Comme l’explique Daniel Bensaïd dans sa brochure « Stratégie et parti » de 1986 :
« Les organisations réformistes ne le sont pas par confusion, inconséquence ou manque de volonté. Elles expriment des cristallisations sociales et matérielles… Les directions réformistes peuvent donc être des alliés politiques tactiques pour contribuer à unifier la classe. Mais elles demeurent stratégiquement des ennemis en puissance ».
Stratégie et parti, p 58, éditions la Brèche.
C’est ici qu’une force révolutionnaire – là encore au sens large – est nécessaire. Le problème entre révolutionnaires et réformistes de gauche n’est donc pas que ces derniers revendiquent l’intervention du mouvement de masse (ils peuvent même se revendiquer de la révolution), mais sur le fait qu’ils sont pour une transformation politique via une accumulation graduelle des réformes. Les révolutionnaires luttent aussi pour des réformes, mais ils ne croient pas qu’on puisse conquérir le pouvoir par leur accumulation graduelle.

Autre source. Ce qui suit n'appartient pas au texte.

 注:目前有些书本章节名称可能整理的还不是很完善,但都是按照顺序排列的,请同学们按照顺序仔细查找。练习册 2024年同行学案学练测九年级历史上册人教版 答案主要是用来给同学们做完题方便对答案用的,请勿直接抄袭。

Certes, il faut toute une période préparatoire – sûrement longue dans les pays capitalistes avancés – durant laquelle les classes populaires conquièrent l’hégémonie, mais il faut aussi préparer les confrontations décisives ; d’où une place très importants dans l’intervention révolutionnaires de questions comme les grèves générales, les soulèvements, l’auto-organisation, le contrôle social, la gestion populaire, etc. Et là, il y a une divergence substantielle avec les réformistes.

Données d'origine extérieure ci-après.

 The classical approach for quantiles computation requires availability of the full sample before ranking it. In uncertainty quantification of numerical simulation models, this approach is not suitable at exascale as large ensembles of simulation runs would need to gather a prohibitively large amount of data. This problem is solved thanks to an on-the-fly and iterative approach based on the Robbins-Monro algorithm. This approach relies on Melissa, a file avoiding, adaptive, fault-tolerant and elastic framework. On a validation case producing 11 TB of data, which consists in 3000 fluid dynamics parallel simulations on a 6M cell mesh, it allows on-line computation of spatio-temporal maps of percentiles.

Qui dit confrontation décisive dit confrontation avec l’Etat. Nous sommes d’accord sur la caractérisation de l’Etat comme « Etat des classes dominantes ». Nous sommes aussi d’accord sur la nécessité de travailler au sein des institutions étatiques et para étatiques même si nous restons opposés au « ministèrialisme ». Peut être la culture révolutionnaire n’a-t-elle pas suffisamment intégré la nécessité de ce travail au sein des institutions. Mais reconnaissons aussi que les quelques expériences de travail dans les institutions n’ont pas été des plus probantes. L’expérience de nos camarades brésiliens dans le PT et surtout dans des mairies ou Etats du Brésil illustre bien les difficultés à maintenir une ligne indépendante tout en gérant des institutions importantes.

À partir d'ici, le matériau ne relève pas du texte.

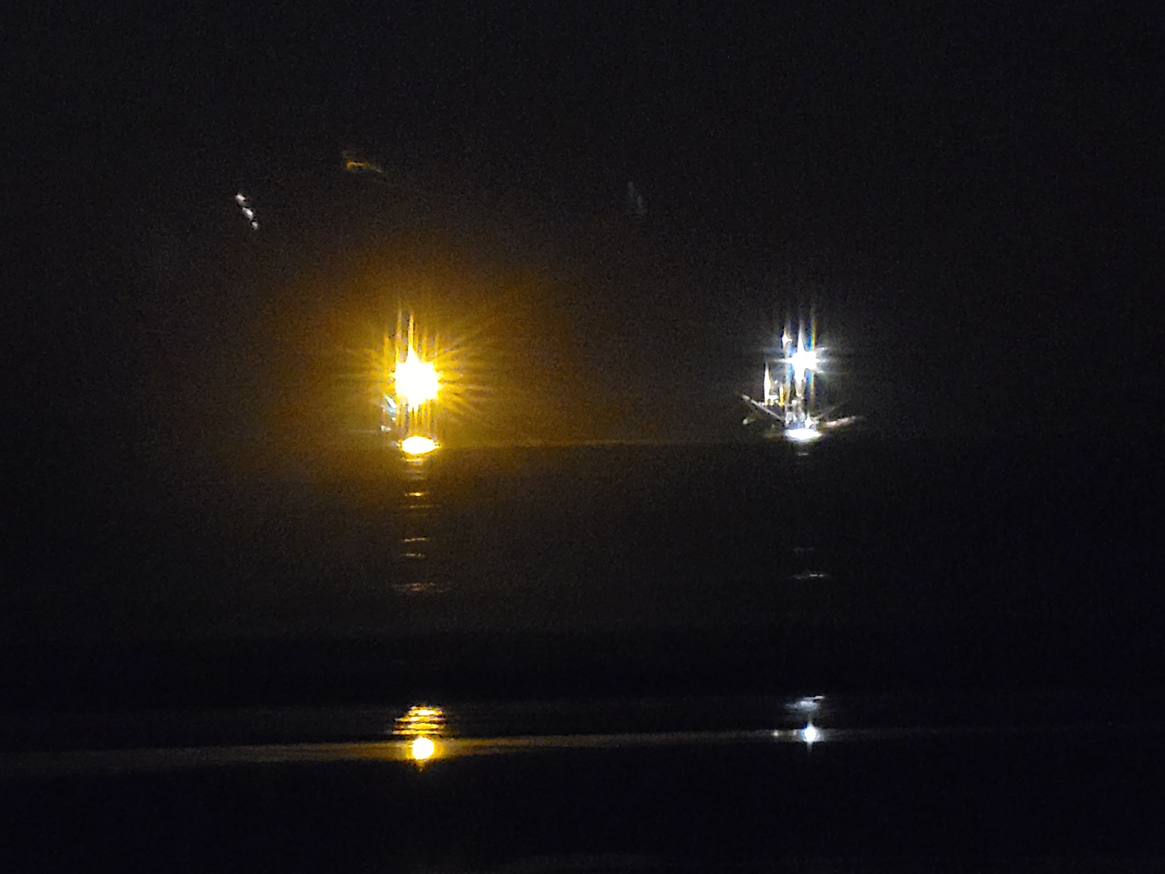We watched as one large fishing boat returned to port, while another was heading out to sea, despite the onset of darkness. There were serious fishing vessels here.

En général, une des leçons du siècle pour le mouvement ouvrier, c’est de reconnaître la capacité extraordinaire d’intégration de sociale de l’Etat, des institutions et des divers appareils de domination de la bourgeoisie et donc de préserver le mouvement ouvrier contre cette politique. Il faut donc travailler dans les institutions, mais en gardant son indépendance.
Nous sommes aussi convaincu de la nécessité d’envisager des situations transitoires, de « déjà plus et de pas encore » où, dans le feu de crises sociales et politiques aigues, se posent la question d’un gouvernement de rupture avec la logique capitaliste, gouvernement qui peut procéder d’une majorité électorale, qui d’une certaine manière peut constituer « un début parlementaire d’un gouvernement des travailleurs ». Ainsi, un processus révolutionnaire ne surgira pas ex-nihilo de la mobilisation sociale, il y aura probablement des connexions entre la mobilisation révolutionnaire et les vielles institutions. Dans ce sens, le travail des révolutionnaires doit combiner une politique qui vise à désagréger de l’intérieur ces institutions étatiques, à les « délégitimiser », et la capacité à faire émerger de nouvelles institutions du pouvoir populaire, de démontrer leur efficacité sociale et démocratique, de les coordonner et d’en faire une référence pour renverser la vielle machine d’Etat et instaurer une nouvelle démocratie socialiste qui doit apparaitre comme supérieure à l’ordre ancien.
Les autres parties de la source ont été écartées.